Sustenta-se que os companheiros podem atribuir ao contrato de regime de bens eficácia retroativa, em virtude do princípio de liberdade (neste sentido, Maria Berenice Dias, 2006, p. 158). Todavia, a retroação dos efeitos do contrato tem como limite a proteção dos interesses de terceiros de boa-fé. Por outro lado, é aplicável analogicamente a regra do art. 1.655 do Código Civil, relativamente ao pacto antenupcial, que declara nula cláusula que contrarie disposição absoluta de lei.
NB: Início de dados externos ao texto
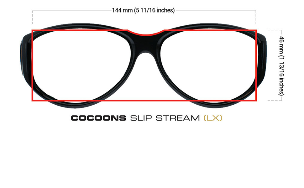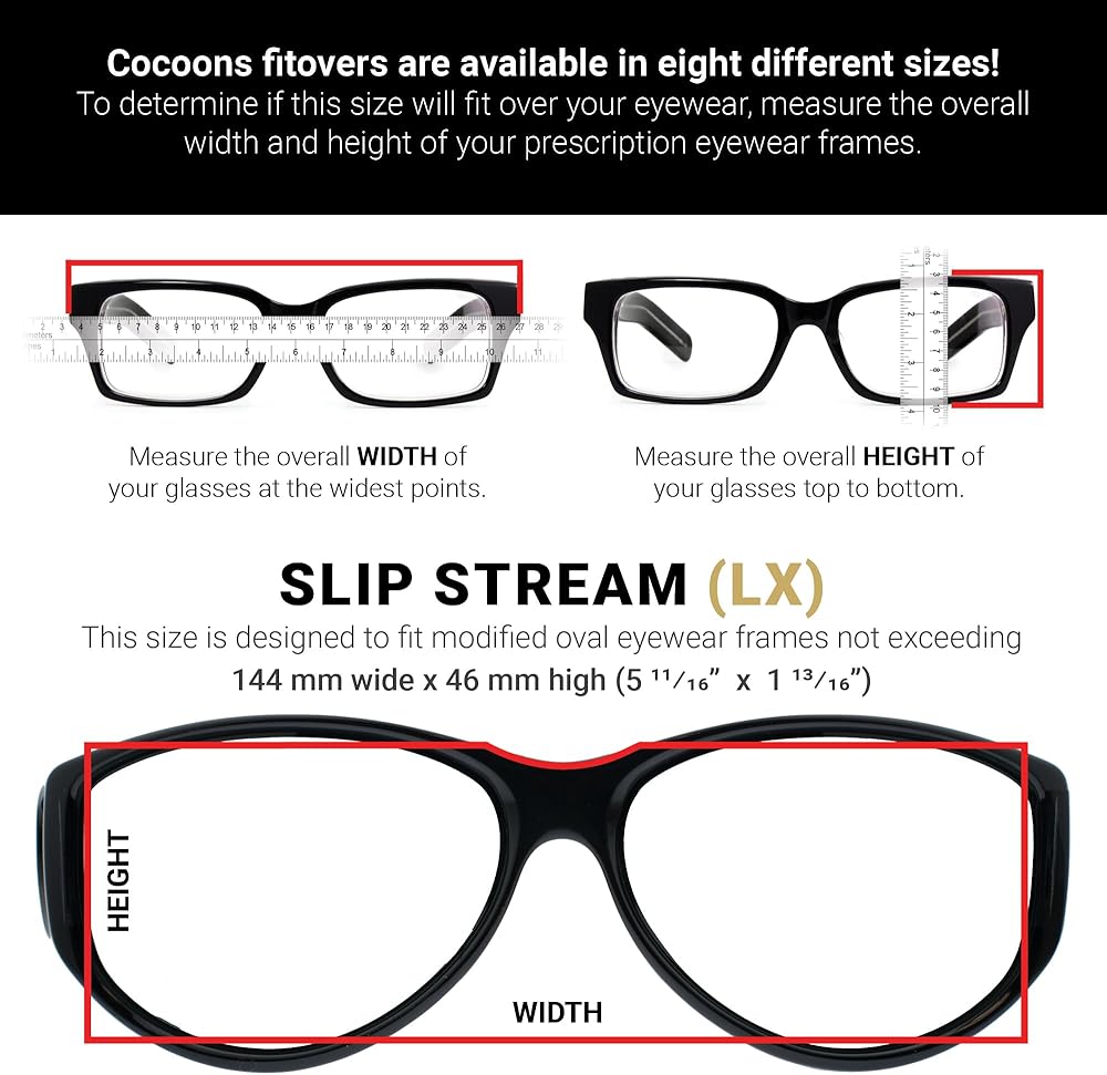 Eight Sizes – Cocoons are available in eight sizes to completely fit over most eyewear styles. Is Slip Stream (LX) the correct size? The Slip Stream (LX) fits over eyewear not exceeding 144 mm wide x 46 mm high. Visit the Cocoons store for additional options and sizes.
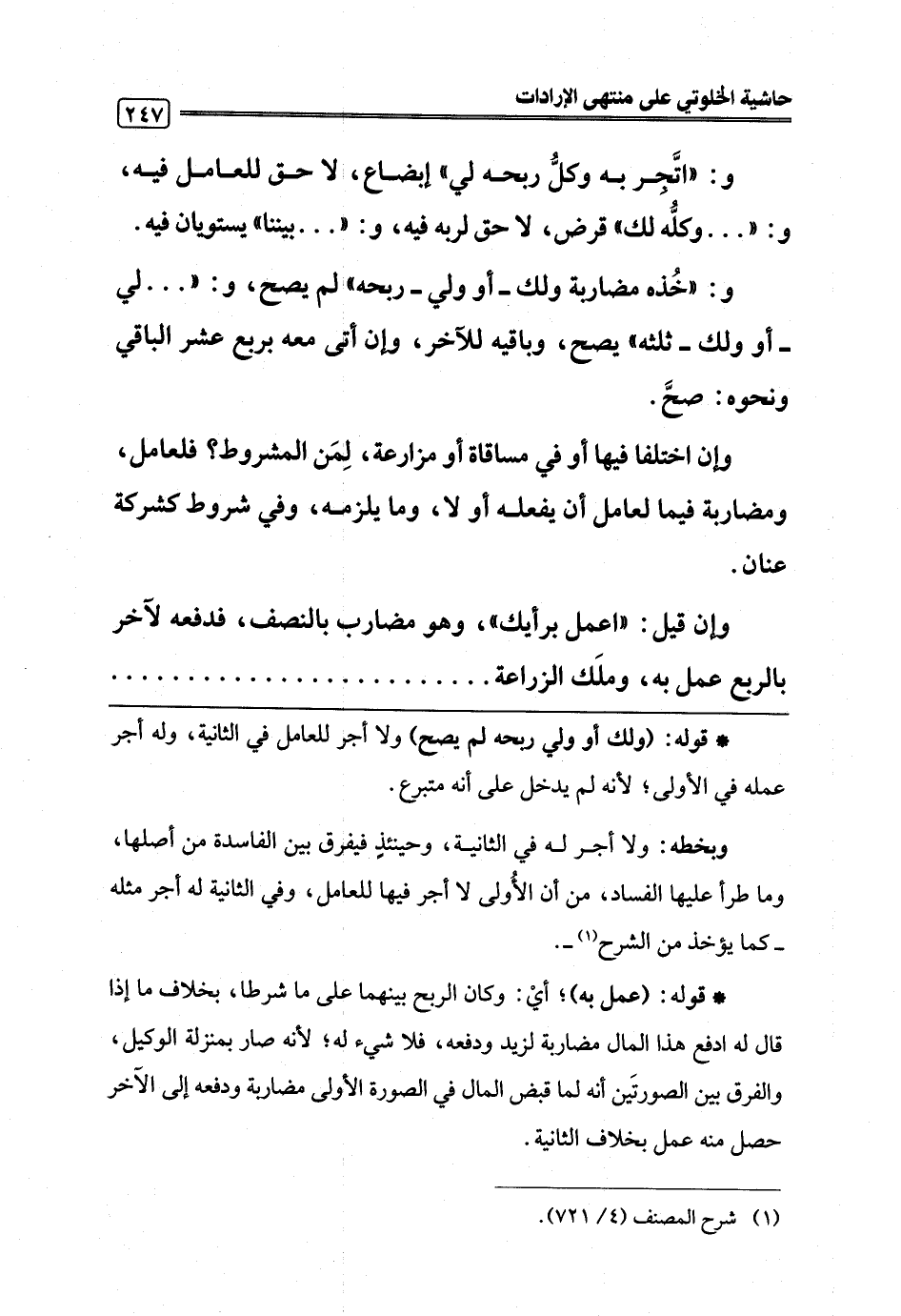 وبخطه: ولا أجر له في الثانية، وحينئذٍ فيفوق بين الفاسدة من أصلها، وما طرأ عليها الفساد، من أن الأُولى لا أجر فيها للعامل، وفي الثانية له أجر مثله -كما يؤخذ من الشرح (¬1) -.

No sentido da irretroatividade, decidiu o STJ (REsp 1.383.624).
Não se aplica à união estável o regime legal obrigatório de separação de bens, previsto no art. 1.641 do Código Civil, porque esta norma diz respeito exclusivamente ao casamento; aplicou o Tribunal a Súmula 377/STF, admitindo a comunhão dos bens adquiridos na constância da união estável, desde que comprovado o esforço comum. No mesmo sentido de aplicação da Súmula 377/STF, o Tribunal entendeu que o prêmio de loteria recebido pelo companheiro idoso, durante a união estável, deve ser objeto de meação entre o casal (REsp 1.689.152). Não nos parece sustentável o entendimento da aplicação do regime legal obrigatório à união estável, pois é cediço no direito brasileiro que norma restritiva de direitos não pode ter interpretação extensiva, além de que se aplica às entidades familiares o princípio da igualdade, guardadas suas diferenças, como bem decidiu o STF, na ADI 4.277/2011. Consequentemente, a pessoa com mais de 70 anos que ingressar em união estável submete-se igualmente ao regime legal supletivo da comunhão parcial dos bens adquiridos após sua constituição e não ao regime obrigatório de separação. A comunhão é por força de lei, sem necessidade de invocação da Súmula 377/STF.
No que respeita às questões intertemporais, se a união estável teve início anteriormente à entrada em vigor do Código Civil (11 de janeiro de 2003) a ela também se aplica o regime legal de comunhão parcial, salvo se os companheiros tiverem estipulado outra modalidade, em contrato específico, que é considerado ato jurídico perfeito, coberto pela garantia constitucional (art. 5º, XXXVI, da Constituição). Segundo orientação dominante no STF, não há direito adquirido a instituto jurídico, no que poderia ser qualificada a inalterabilidade dos critérios da Súmula 380 para o concubinato (aliás, muito próximos do regime de comunhão parcial, salvo quanto à presunção legal absoluta deste, de esforço comum para a aquisição dos bens).
Para o ajuizamento de ação que verse sobre imóveis do casal, de acordo com o art. 73, § 3º, do CPC, o companheiro necessita do consentimento do outro, salvo se o regime de bens fixado em contrato for o de separação total."
Lôbo, Paulo. Direito Civil: Famílias: Vol. 5 . Editora Saraiva. Edição do Kindle. Capítulo 9.4 do livro.